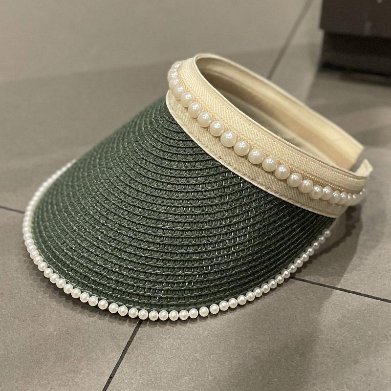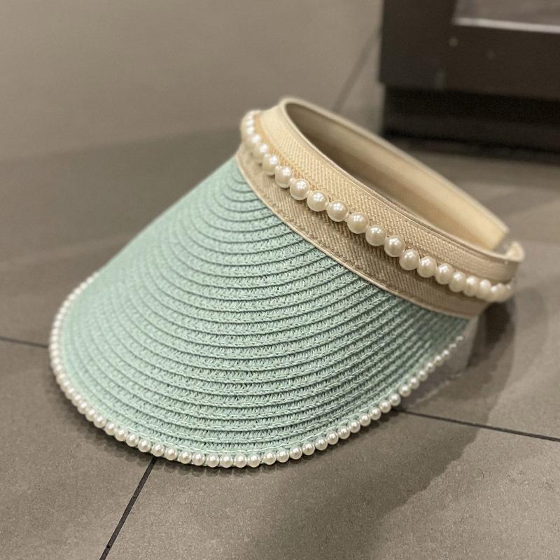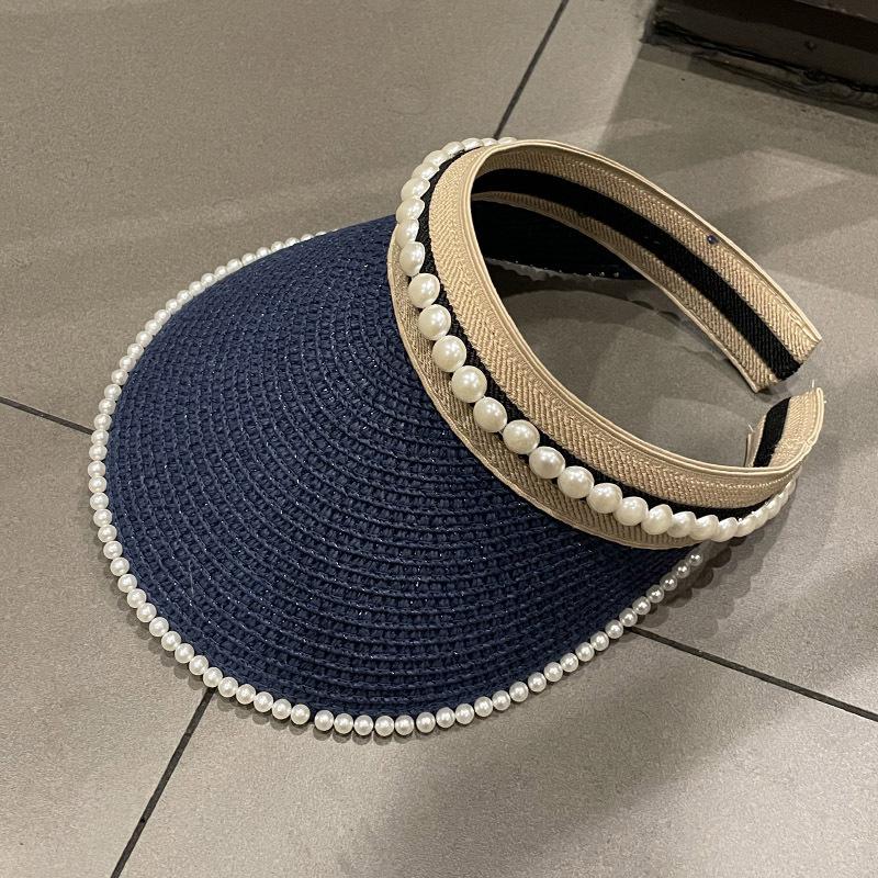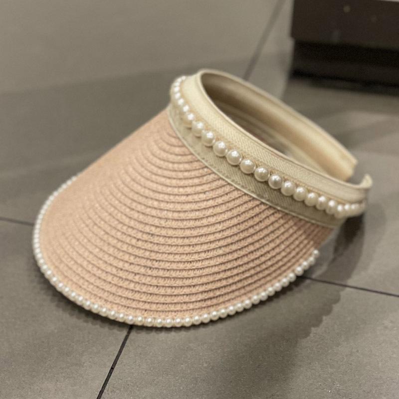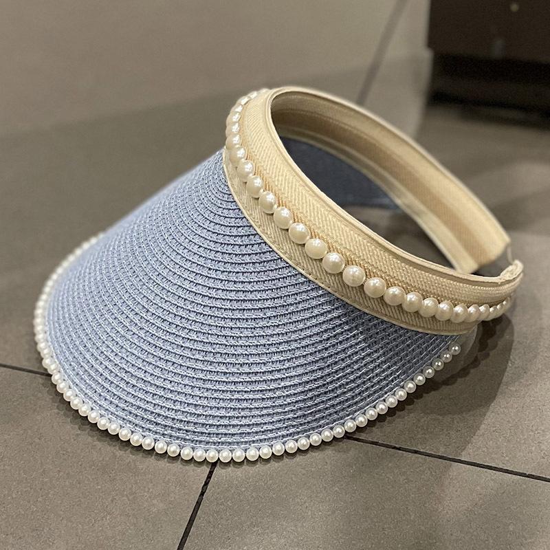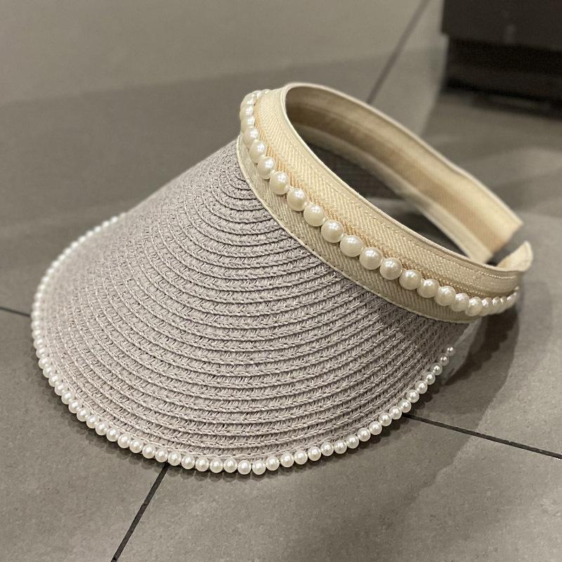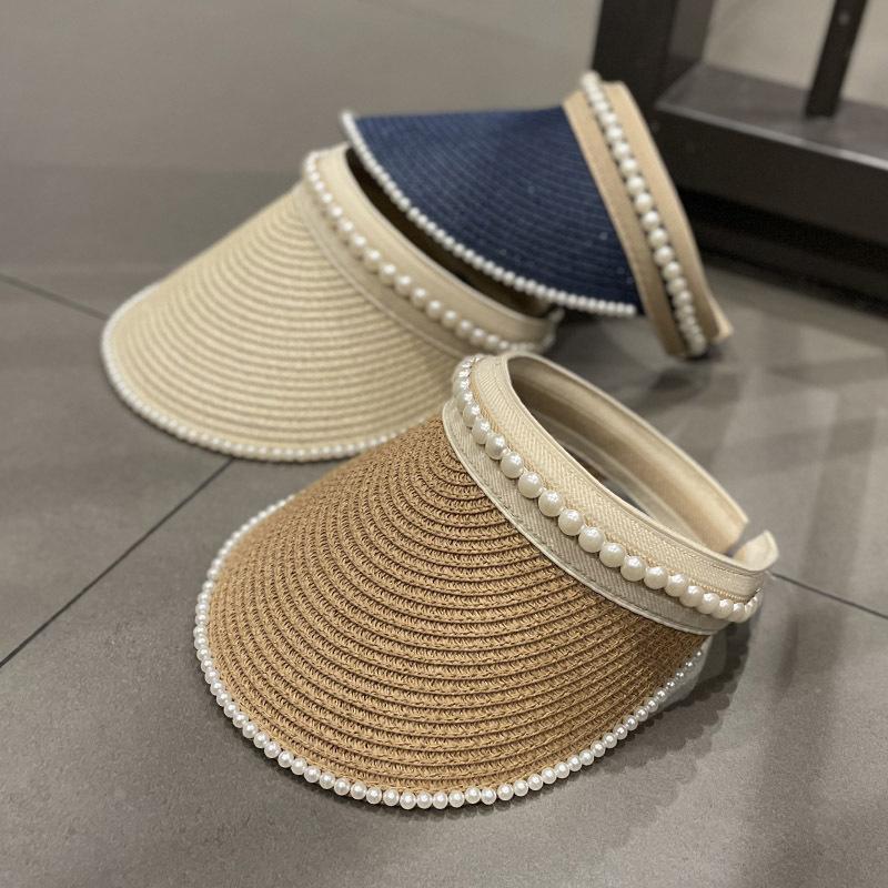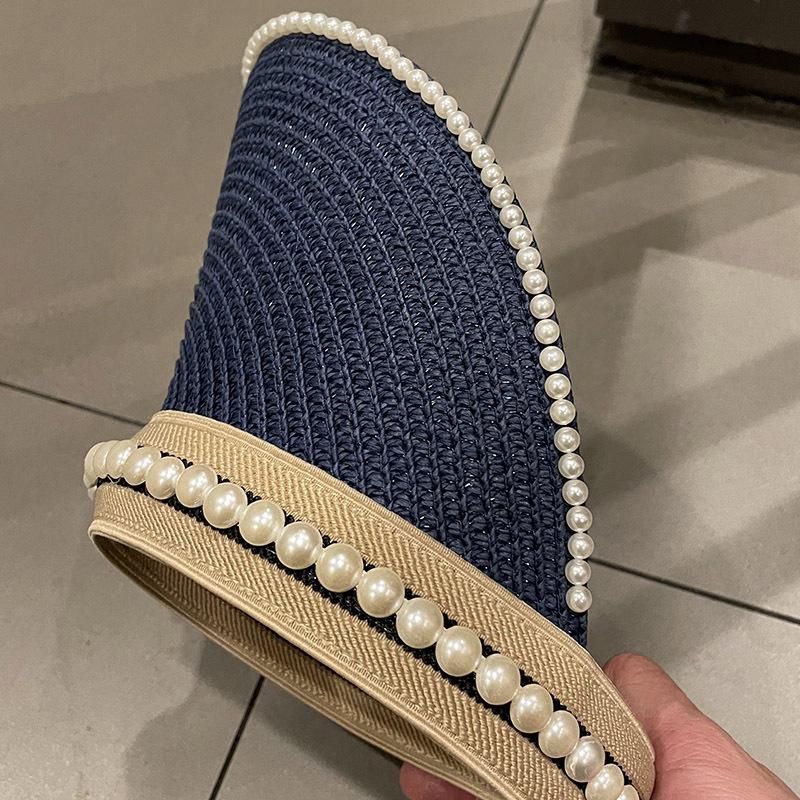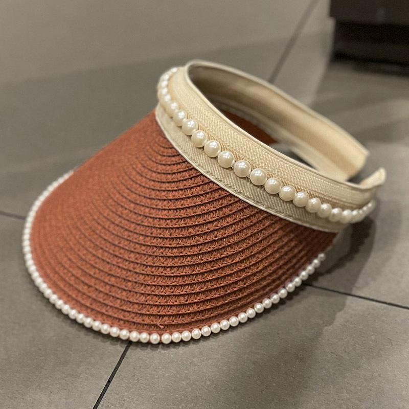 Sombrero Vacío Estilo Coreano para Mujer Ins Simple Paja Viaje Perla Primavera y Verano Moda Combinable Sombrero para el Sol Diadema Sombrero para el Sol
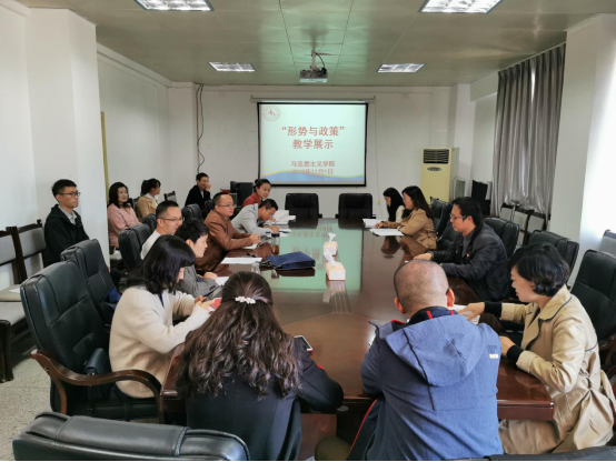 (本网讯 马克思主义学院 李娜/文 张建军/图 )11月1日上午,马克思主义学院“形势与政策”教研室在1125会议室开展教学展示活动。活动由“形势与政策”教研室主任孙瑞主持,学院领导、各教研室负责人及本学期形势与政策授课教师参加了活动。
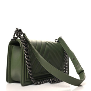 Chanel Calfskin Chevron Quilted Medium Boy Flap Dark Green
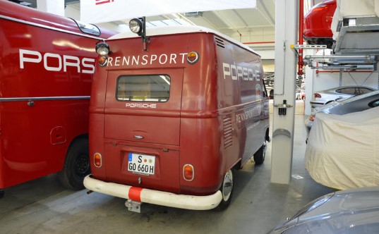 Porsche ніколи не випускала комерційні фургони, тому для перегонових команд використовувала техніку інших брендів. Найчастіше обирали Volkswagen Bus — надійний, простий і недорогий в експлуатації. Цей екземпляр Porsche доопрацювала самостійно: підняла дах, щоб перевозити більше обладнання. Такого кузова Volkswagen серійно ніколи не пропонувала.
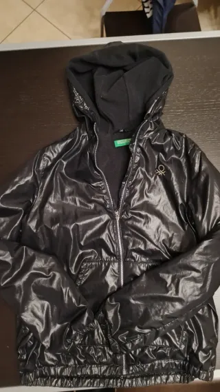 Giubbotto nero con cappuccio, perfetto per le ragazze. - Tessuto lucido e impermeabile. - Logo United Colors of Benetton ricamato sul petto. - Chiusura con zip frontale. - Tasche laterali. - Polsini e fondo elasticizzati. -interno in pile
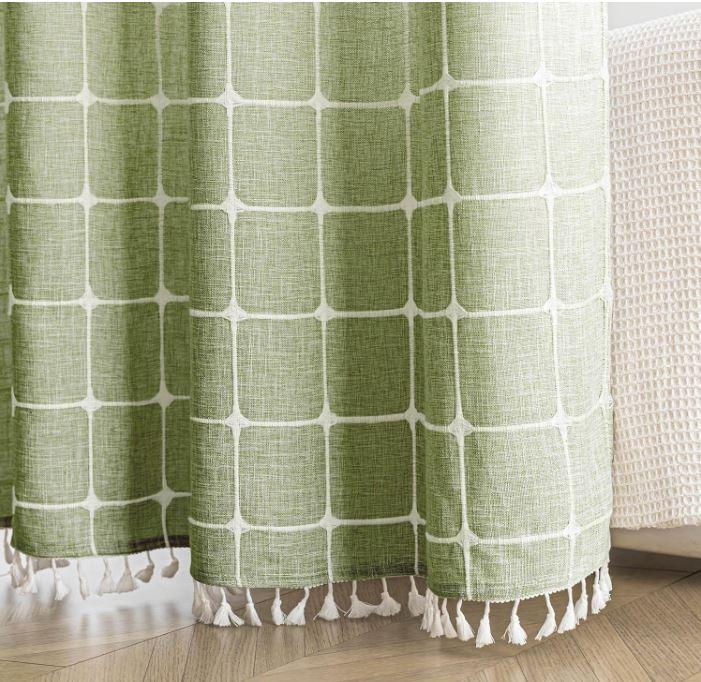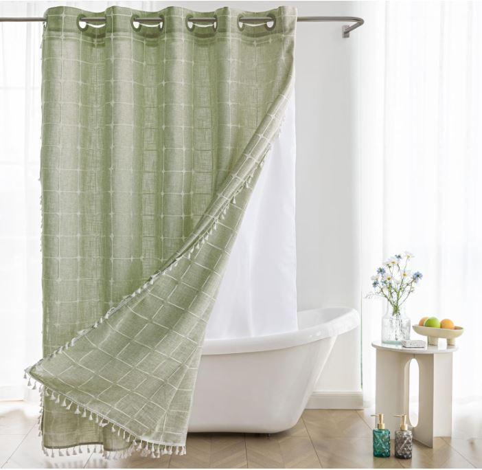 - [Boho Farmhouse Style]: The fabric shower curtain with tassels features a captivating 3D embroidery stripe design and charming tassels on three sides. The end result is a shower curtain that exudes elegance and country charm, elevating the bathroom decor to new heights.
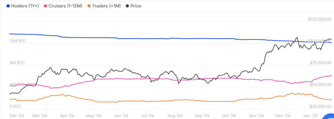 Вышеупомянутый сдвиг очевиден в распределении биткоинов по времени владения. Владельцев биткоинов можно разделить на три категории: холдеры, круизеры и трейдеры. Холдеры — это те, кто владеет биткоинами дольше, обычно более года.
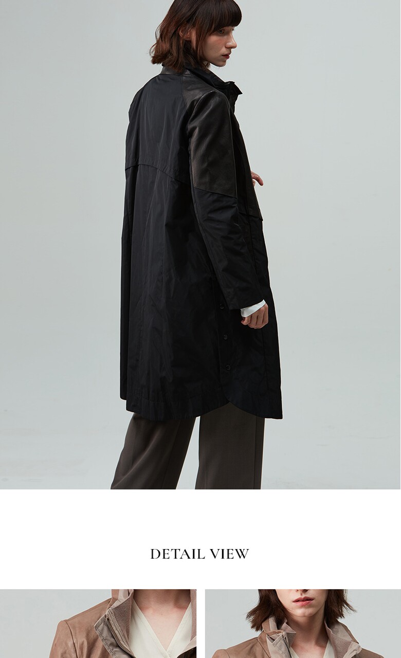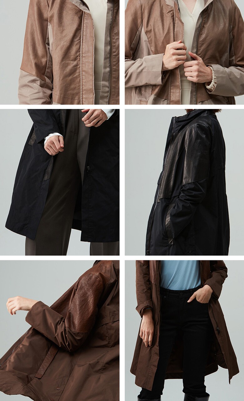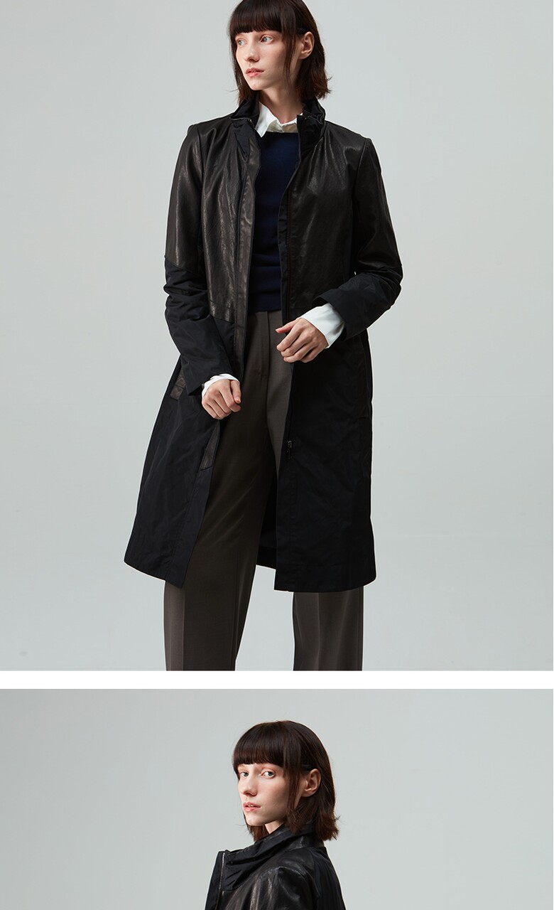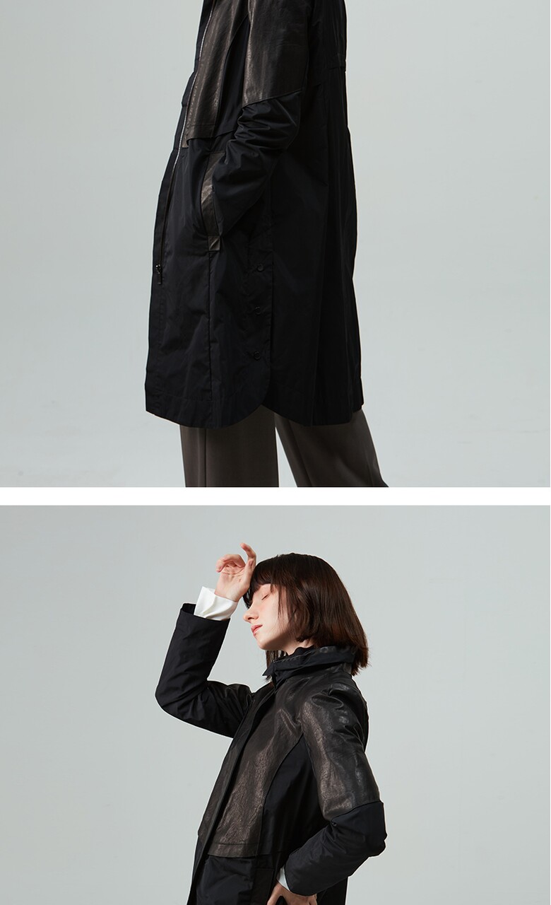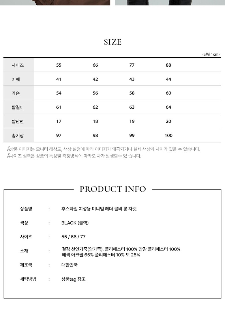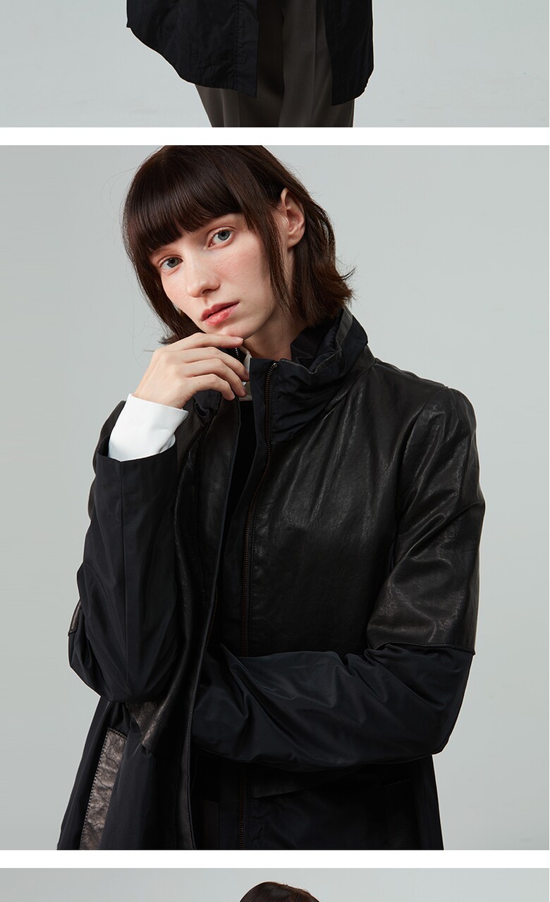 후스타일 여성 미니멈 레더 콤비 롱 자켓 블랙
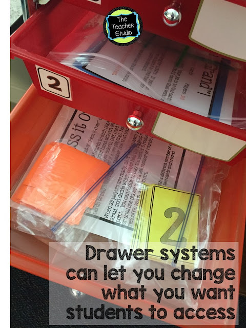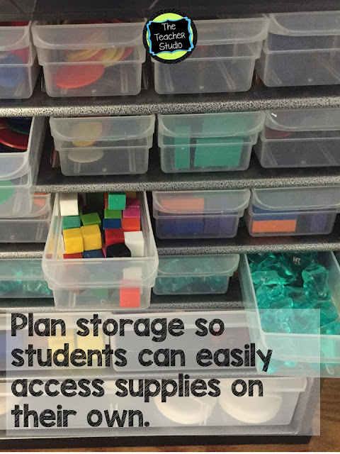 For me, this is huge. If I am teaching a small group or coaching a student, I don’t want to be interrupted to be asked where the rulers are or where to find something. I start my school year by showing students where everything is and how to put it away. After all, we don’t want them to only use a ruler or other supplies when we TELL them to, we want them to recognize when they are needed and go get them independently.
____________
To do:
The entries above are to be reproduced exactly, with the pictures dropped.

Result of this exercise:
 Sombrero Vacío Estilo Coreano para Mujer Ins Simple Paja Viaje Perla Primavera y Verano Moda Combinable Sombrero para el Sol Diadema Sombrero para el Sol
 (本网讯 马克思主义学院 李娜/文 张建军/图 )11月1日上午,马克思主义学院“形势与政策”教研室在1125会议室开展教学展示活动。活动由“形势与政策”教研室主任孙瑞主持,学院领导、各教研室负责人及本学期形势与政策授课教师参加了活动。
 Chanel Calfskin Chevron Quilted Medium Boy Flap Dark Green
 Porsche ніколи не випускала комерційні фургони, тому для перегонових команд використовувала техніку інших брендів. Найчастіше обирали Volkswagen Bus — надійний, простий і недорогий в експлуатації. Цей екземпляр Porsche доопрацювала самостійно: підняла дах, щоб перевозити більше обладнання. Такого кузова Volkswagen серійно ніколи не пропонувала.
 Giubbotto nero con cappuccio, perfetto per le ragazze. - Tessuto lucido e impermeabile. - Logo United Colors of Benetton ricamato sul petto. - Chiusura con zip frontale. - Tasche laterali. - Polsini e fondo elasticizzati. -interno in pile
 - [Boho Farmhouse Style]: The fabric shower curtain with tassels features a captivating 3D embroidery stripe design and charming tassels on three sides. The end result is a shower curtain that exudes elegance and country charm, elevating the bathroom decor to new heights.
 Вышеупомянутый сдвиг очевиден в распределении биткоинов по времени владения. Владельцев биткоинов можно разделить на три категории: холдеры, круизеры и трейдеры. Холдеры — это те, кто владеет биткоинами дольше, обычно более года.
 후스타일 여성 미니멈 레더 콤비 롱 자켓 블랙
 For me, this is huge. If I am teaching a small group or coaching a student, I don’t want to be interrupted to be asked where the rulers are or where to find something. I start my school year by showing students where everything is and how to put it away. After all, we don’t want them to only use a ruler or other supplies when we TELL them to, we want them to recognize when they are needed and go get them independently.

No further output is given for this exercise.